The sheathing of the fiberglass-reinforced synthetic resin strand with a Thermoplastic by the method described above has the great advantage that at the choice of the curing system does not take into account any color change that may occur needs to be, as the thermoplastic jacket while maintaining the strength values of the resin can be colored as desired. As further advantages of the on the profiles Remaining sheathing are protecting the strand against abrasion and mezhanic Damage as well as moisture and protection against short-term heat radiation to cite. In addition, there was previously a completely smooth surface on profiles or bars with a relatively high glass fiber content cannot be achieved without an additional finish, and for parts that z. B. are constantly touched with the hands, disturb exiting Fiberglass quite considerably. This deficiency is also caused by what has been described Procedure eliminated.
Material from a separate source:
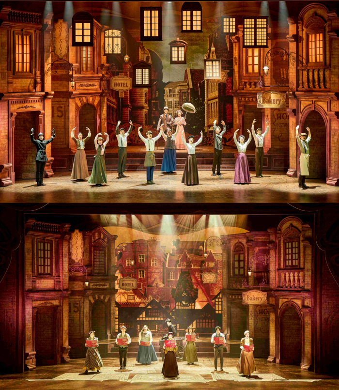 무대 디자인은 19세기 런던을 연상시키면서도, 인물의 내면을 비추는 듯한 공간적 상징성이 돋보입니다. 조명은 붉은빛과 푸른빛을 대비시켜, 억압과 해방을 시각적으로 표현했습니다.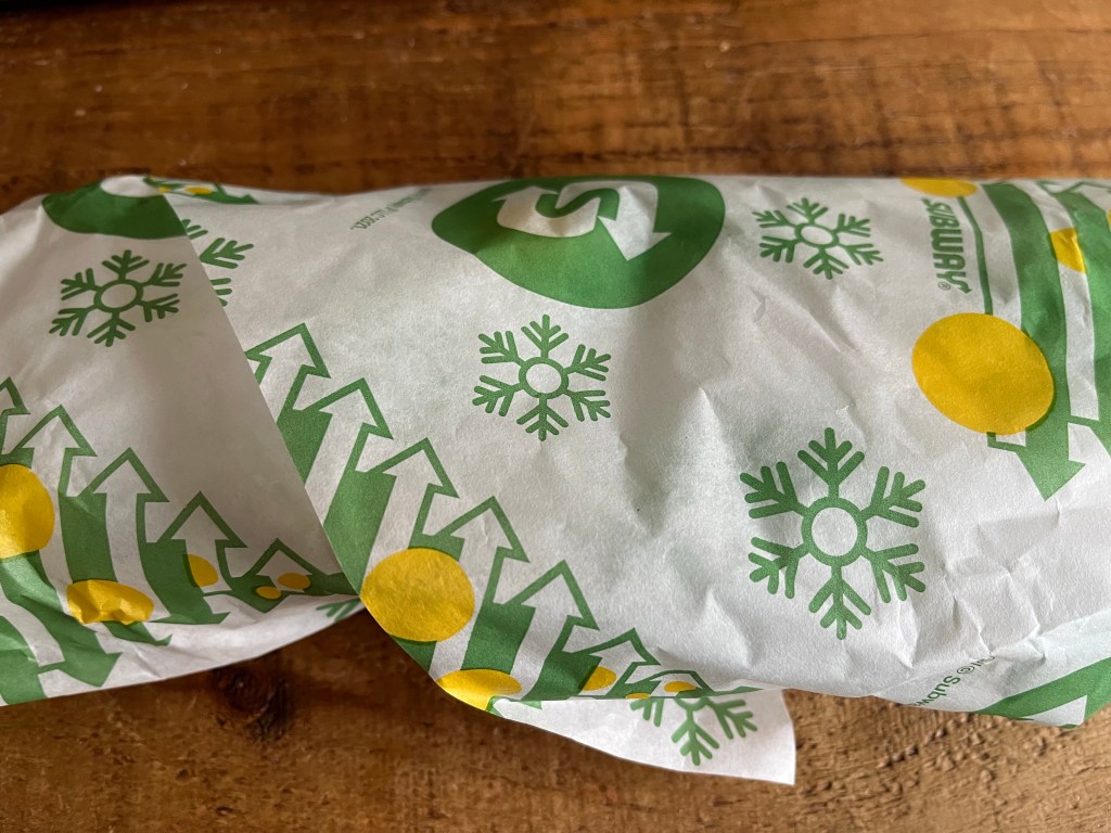 I went for a foot-long, of course, and I had it ‘cheese and toasted’, naturally, and added onions, mayo and, sigh, spinach because it’s the only vaguely Christmassy things they had. I know they’ve had cranberry sauce as a Christmas option in the past, but I haven’t seen that for years.

The method according to the invention also offers the possibility of thin-walled profiles of any cross-section and any shape made of glass fiber reinforced Synthetic resin can be produced efficiently and the excellent properties of these Material combination can also be used in this area.

Claims (5)

Claims: 1. Method for producing profiles of any in particular open cross-sectional shape made of fiber-reinforced, hardenable synthetic resin, in which synthetic resin-soaked fiber strands or fabric tapes with a thermoplastic Plastic are encased and deformed and the synthetic resin is cured, d a d u r c h g e -k e n n n z e i c h n e t that the synthetic resin-soaked fiber strands or Fabric tapes in the die head of an extruder continuously with the melt of a thermoplastic plastic are encased, the melting point of the thermoplastic Plastic above the temperature peak that occurs when the resin cures is and the activation system of the resin is set so that by the temperature and heat conditions prevailing in the extruder head cause the hardening of the Synthetic resin can not be introduced that then the strand thus formed under the solidification temperature of the thermoplastic is cooled and in on known way with curing of the synthetic resin continuously in the final Profile shape is brought. 2. The method according to claim 1, characterized in that that the cooled strand is temporarily stored as a semi-finished product and only when required is finally deformed with the supply of the required heat. 3. Procedure according to claims 1 and 2, characterized in that the envelope is made of thermoplastic Plastic stretched in a still plastic state after exiting the extruder head will. 4. The method according to claims 1 and 2, characterized in that at Passing through the wrapped strand through the deformation tools by modification different profiles are formed in sections of the profile cross-section. 5. The method according to claim 1, characterized in that short pieces of fiber are interspersed in the resin-impregnated fiber strands or fabric before being wrapped with thermoplastic material. Documents considered: French Patent No. 1 134 871; U.S. Patent Nos. 2,852,424, 2,694,661.